Les reproductions photographiques de ces tableaux ont tendance à lisser et donc à dissimuler le traitement toujours très dense, allant parfois jusqu’à la saturation, de la surface picturale. Mais la contemplation des toiles offre une autre expérience. Difficile de distinguer si les formes et les figures surgissent du magma de taches et touches énergiques ou si elles sont en passe de s’y confondre. Le côté expressionniste et la vivacité des coups de pinceau — les coulures et les repentirs largement visibles de figures et d’animaux dissimulés dans la végétation — ne dégagent cependant rien d’oppressant ni de tourmenté. Tel un rideau végétal continu, la forêt tropicale ne se laisse pas plus traverser par la lumière que par le regard, la seule ouverture et échappatoire visuelle en est le ciel. Les paysages s’organisent systématiquement autour d’un plan d’eau, les reflets prolongeant avec cohérence l’aspect liquide de la matière picturale.

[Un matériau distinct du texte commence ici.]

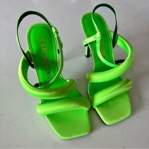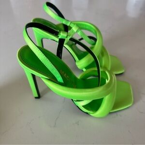 The Ravenna sandals are the Y2K inspired heel you have been wanting. This heeled sandal is cut from highlighter green faux leather with padded straps for added comfort and style.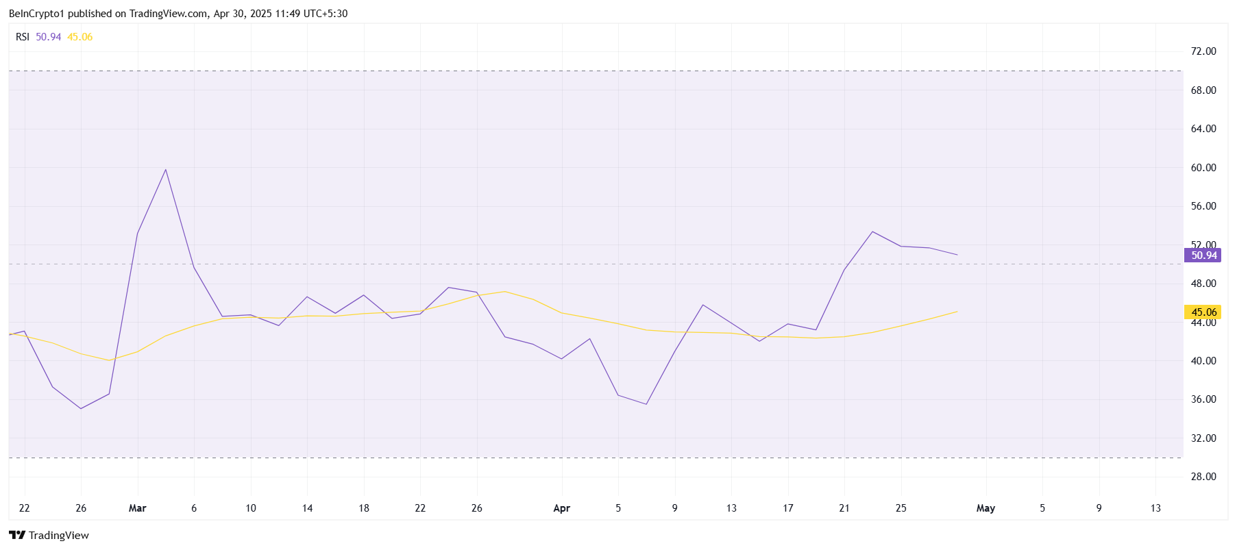 カルダノの全体的な勢いは改善の兆しを見せており、特に相対力指数(RSI)などの技術指標がある。現在、RSIは2か月近くの高値にあり、50.0の中立マークを上回るポジティブゾーンに位置している。これは、クジラによるADAの蓄積と広範な市場環境によって駆動される上昇傾向を示している。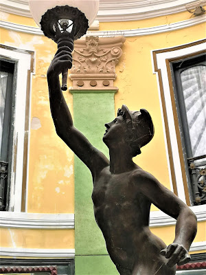 He pensado poner alguna de esas imágenes, pero no he reunido el valor suficiente para contemplar aquí la mirada de mis padres, tan jóvenes, tan ilusionados ante la vida. En su lugar, traigo el Mercurio del Pasaje Gutiérrez de Valladolid, que ahora está en obras. Esta escultura imita el Mercurio volador del escultor renacentista italiano Juan de Bolonia. Lo traigo porque este lugar, uno de los más hermosos de mi ciudad, estuvo cerrado durante tantos años, que llegué a pensar que no existía. Lo busqué tantas veces sin éxito, que llegué a olvidarme de él. Es decir, lo traigo aquí para no seguir hablando de estas viejas fotografías de mis padres, que posaban ante la cámara cuando la vida se les abría, apasionante e incierta.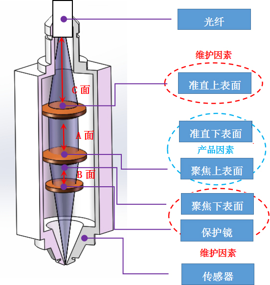 2)使用非原廠配件、操作失誤或外圍設(shè)備導(dǎo)致保護(hù)鏡破裂或燒穿引起內(nèi)部鏡片污染,注意檢查輔助設(shè)備運(yùn)行是否正常,如比例閥,空壓機(jī)等。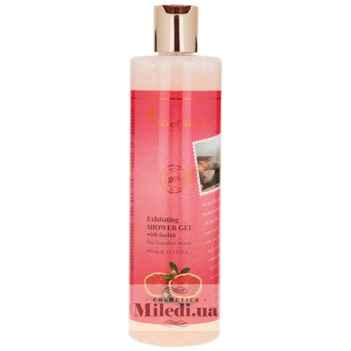 Гель для душу забезпечує чудовий СПА догляд за тілом. Волокна натуральної люфи дають інтенсивний ефект відлущування. Його застосування допомагає глибоко очистити шкіру. Гель надає мікро масажну дію на шкірний покрив.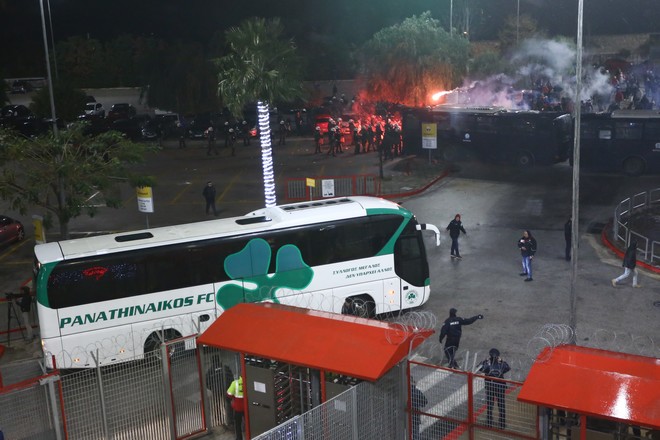 Ένταση μεταξύ αστυνομίας και οπαδών επικράτησε έξω από το στάδιο Γεώργιος Καραϊσκάκης αρκετή ώρα πριν την έναρξη του ντέρμπι κατά την άφιξη των αποστολών των δύο ομάδων.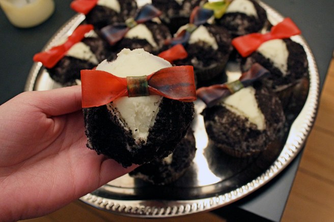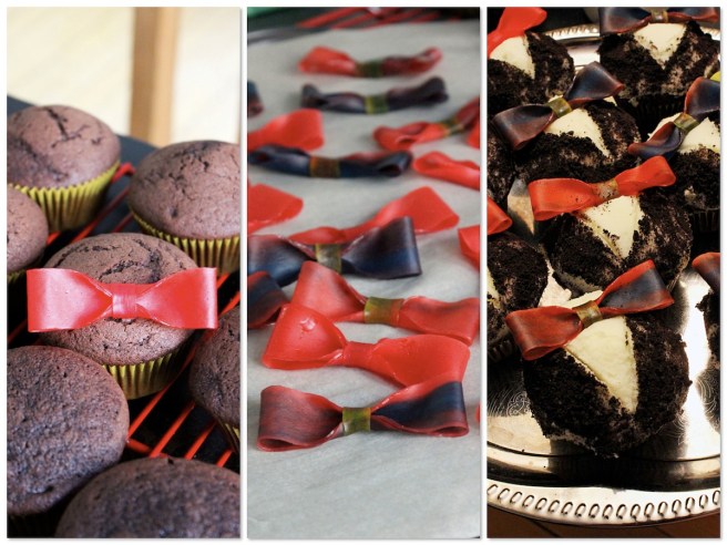 My guardian angel of the week, Martha Stewart, saved the day. One of my searches landed me on her slideshow of fancy cupcakes. I was clicking through photo after photo, bleary eyed and getting increasingly disgusted by the hypothetical pool of drool that was being induced by the pictured cupcakes. Then, just like that, it happened. I found the perfect solution to my problem. It was slide number 18 out of 30. Candy-Bow-Tie Cupcakes. Be still my beating heart.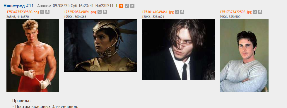 >>6288727 В случае богатых известных кунов похоже на прикрытие. Как у Макрона. Или ты в манямирке живешь и ждешь такая киану ривза, потому что среди кучи фанаток именно ты достойная? >>6288733 >Нахера ему скрывать в Америке то ориентацию Много знаешь известных и популярных голливудских актеров, которые еще и открытые геи? Особенно из 90х и 00х. Назови хотя бы двух открытых геев, которые сравнятся по известности с Ривзом. Кроме Маккелена, который из страны, где уже очень давно камингаутиться начали звезды. Короче, геи раньше мало денег в кассу приносили и все молчали обычно. А на старости лет уже много смысла нету выдавать себя. >>6288738 Первый не знаю. Знаю, что жалел, что не был секс символом в молодости, а значит может быть желание наверстать упущенное. Второй вообще в актеры пошел ради тяночек. Так что думай сама.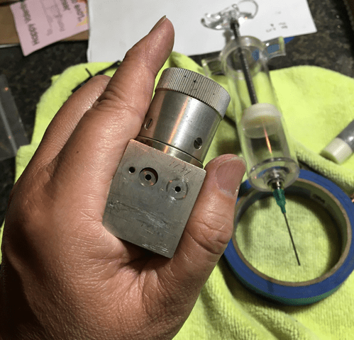 As shown, this is about as full as I was able to get it using the syringe and working the knob. However, this does not indicate failure.

Les corps semblent en apesanteur, pris dans la suspension du plongeon, leur reflet n’apparaît jamais dans l’eau. Soit leurs contours s’estompent mêlant ainsi la figure au décor, soit ils se détachent du fond par un cerne en réserve. Loin d’un délire romantico-symboliste et de toute tendance psychédélique ou néo-hippie, ces plongeurs portés par tant de couleurs vives, voire fluorescentes, intriguent et viennent amplifier le sentiment d’étrangeté provoqué par la contemplation de tels paysages. Incendie, Neige et feu mêlés, Tornade (Baby I hold them for years) appartiennent à une autre série, un autre registre. Bien qu’il soit encore question de nature, des éléments que sont le feu et le vent. Le sujet est ici donné à voir comme un détail, un véritable morceau de bravoure qui s’observerait à travers un hublot ou au gré d’une poursuite de lumière arrêtée au milieu d’une grande feuille blanche. Ici encore on est dans le domaine de la projection mentale, entre une nature-écran qui fait bloc et heurte le regard et une image qui semble être sur le point de se mettre en mouvement. À l’instar d’un dispositif théâtral, l’originalité d’un tel cadrage détermine la lecture de ces scènes en de véritables catastrophes. D’autres aspects baroques s’immiscent dans les peintures de Bourassin. Paysage hollandais revisite l’héritage diffus de la peinture flamande du 17ème siècle: un ciel et une lumière inspirés de Van Ruysdael et des perroquets, archétypes de la peinture animalière d’un Peter Boel ou Frans Snyders.